1. Since step functions are dense in $L^p\p{\br{0,1}}$ for $1 \leq p < \infty$, it suffices to show that step functions can be approximated by a countable set. Consider

   $$V = \set{\sum_{j=1}^n c_j \chi_{\br{a_j, b_j}} \st n \in \N,\ a_j, b_j \in \Q \cap \br{0,1},\ c_j \in \Q}.$$

   By linearity, it suffices to show that we can approximate functions of the form $c\chi_{\br{a, b}}$, but this is easy by density of $\Q$ in $\R$ and the dominated convergence theorem, so $V$ is dense in $L^p\p{\br{0,1}}$, so it is separable.

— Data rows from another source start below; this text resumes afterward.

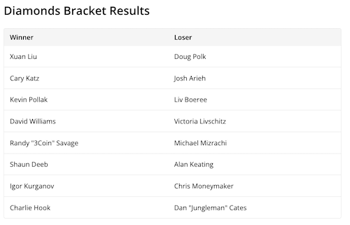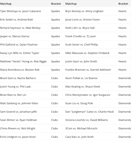 Con 64 partecipanti, tutti giocatori famosissimi (Doug Polk, il campione del mondo in carica Michael Mizrachi, Chris Moneymaker, Liv Boeree, Shaun Deeb, Bryn Kenney, Erik Seidel e tanti altri), Cary Katz e Josh Arieh si sono affrontati nel primo turno del torneo. Questo il tabellone:
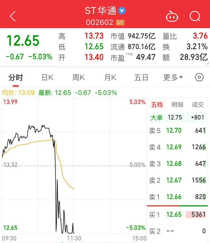 今天上午,ST华通盘中一度涨超3%,总市值突破1000亿元关口,随后股价直线跳水,盘中触及跌停,上午收盘下跌5.03%,目前最新市值为942.75亿元。
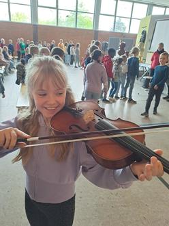 Zunächst wurden den Schülerinnen und Schülern die vier Instrumentengruppen des Orchesters vorgestellt. Im Rahmen einer Instrumentenschau durften die Kinder die Instrumente Trommel, Kontrabass und Geige auch alle ausprobieren. Dieses Angebot nahmen sie mit großer Begeisterung an.
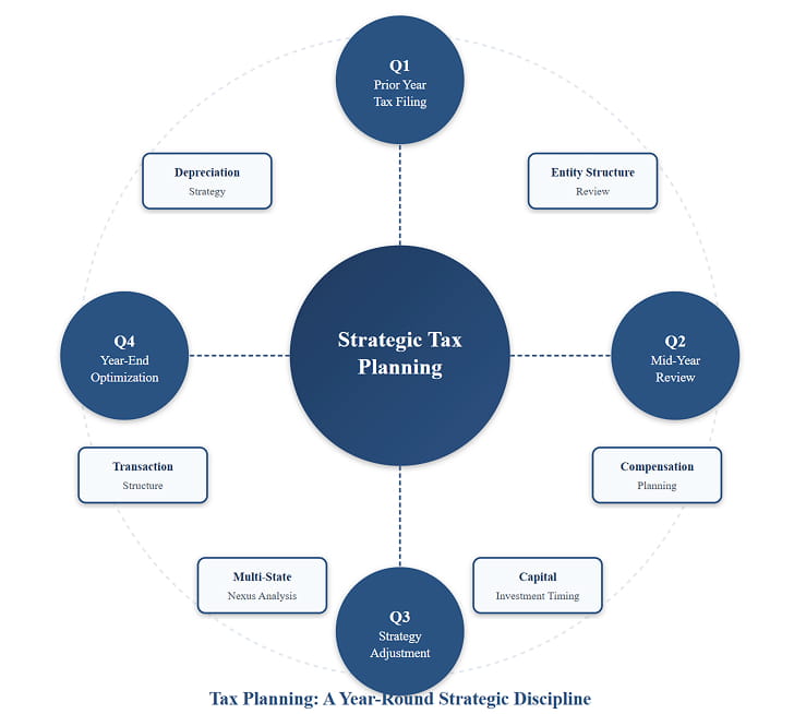 Tax implications should inform major business decisions—entity structure, geographic expansion, acquisition strategy, capital allocation. When tax planning happens in isolation from strategic planning, you miss optimization opportunities.
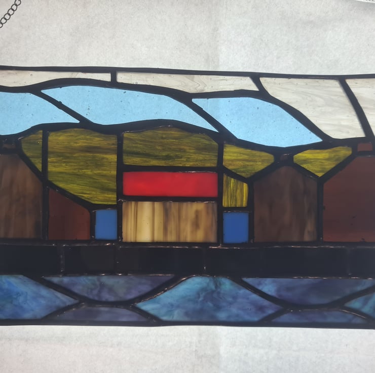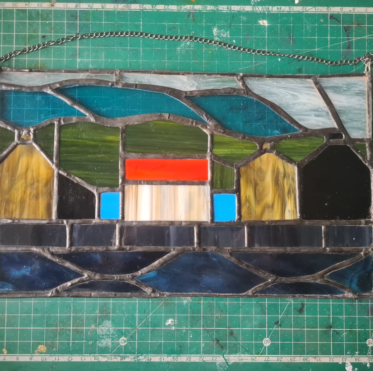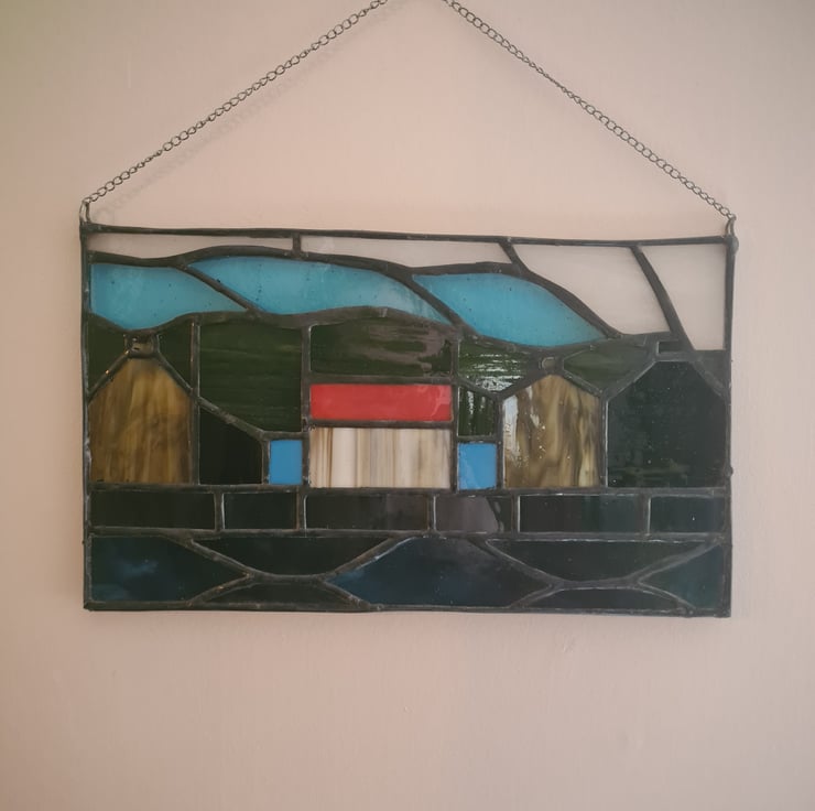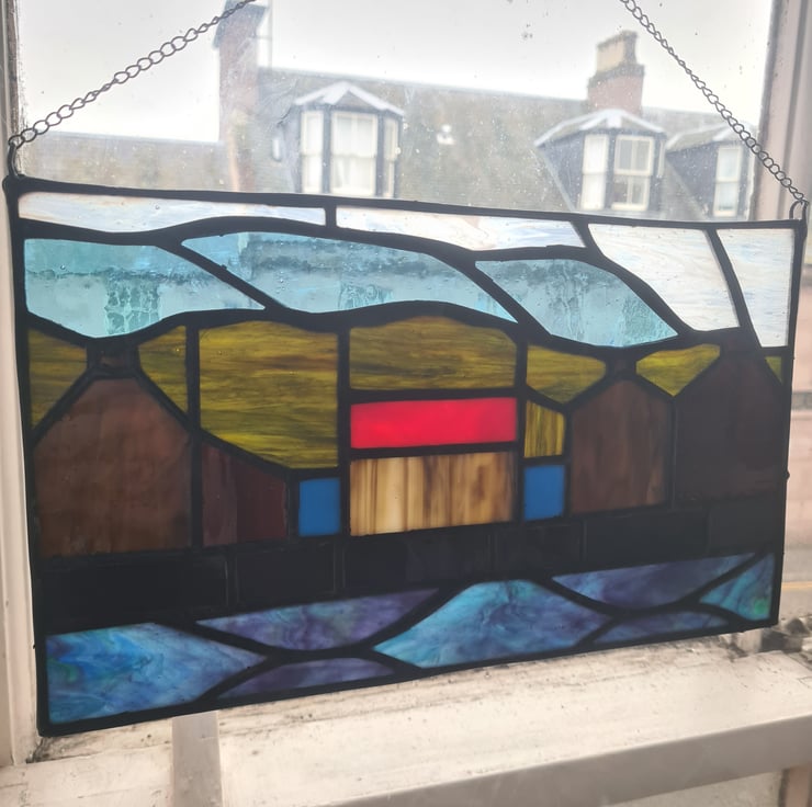 This panel is inspired by the coastal scottish town of Gardenstown. Where you open your front room directly onto the North Sea! Hand crafted using the Tiffany method it is delicate to look at but made to last and will enchant you for years to come. Measuring 17x23cm approximately it include a hanging chain and strong adhesive hanger

   When $p = \infty$, consider $e_n = \chi_{\p{\frac{1}{n+1}, \frac{1}{n}}}$ so that each $e_n$ have disjoint supports. Let

   $$A = \set{\sum_{j=1}^\infty \sigma_j e_j \st \sigma_j \in \set{0, 1}},$$

   which is in bijection with $\set{0, 1}^\N$, i.e., $A$ is uncountable. Notice that if $\set{\sigma_n}_n \neq \set{\tau_n}_n$ are distinct elements of $A$, then there exists $n$ such that $\sigma_n \neq \tau_n$, and so $\sum_n \sigma_n e_n$ and $\sum_n \tau_n e_n$ differ on $\p{\frac{1}{n+1}, \frac{1}{n}}$, so distinct elements have distance at least $1$. Thus, because $A$ is uncountable, we see that $L^\infty\p{\br{0,1}}$ is not separable.

2. Suppose otherwise, and that there exists such a $T$. We have the transpose $\func{T^\dagger}{\p{L^1\p{\br{0,1}}}^*}{\p{L^p\p{\br{0,1}}}^*}$, which is given by $T^\dagger\p{\lambda} = \lambda \circ T$. Notice that $T^\dagger$ is injective: indeed, suppose $T^\dagger\p{\lambda} = 0$, and let $g \in L^1\p{\br{0,1}}$. Since $T$ is surjective, there exists $h \in L^p\p{\br{0,1}}$ such that $Th = g$, so

   $$0 = \p{T^\dagger \lambda}\p{h} = \lambda\p{Th} = \lambda\p{g}.$$

   Thus, $\lambda = 0$, so $T^\dagger$ has trivial kernel. But by Riesz representation, we see that

   $$L^\infty\p{\br{0,1}} \subseteq L^{p/\p{p-1}}\p{\br{0,1}}.$$

   But this contradicts the fact that $L^\infty\p{\br{0,1}}$ is not separable.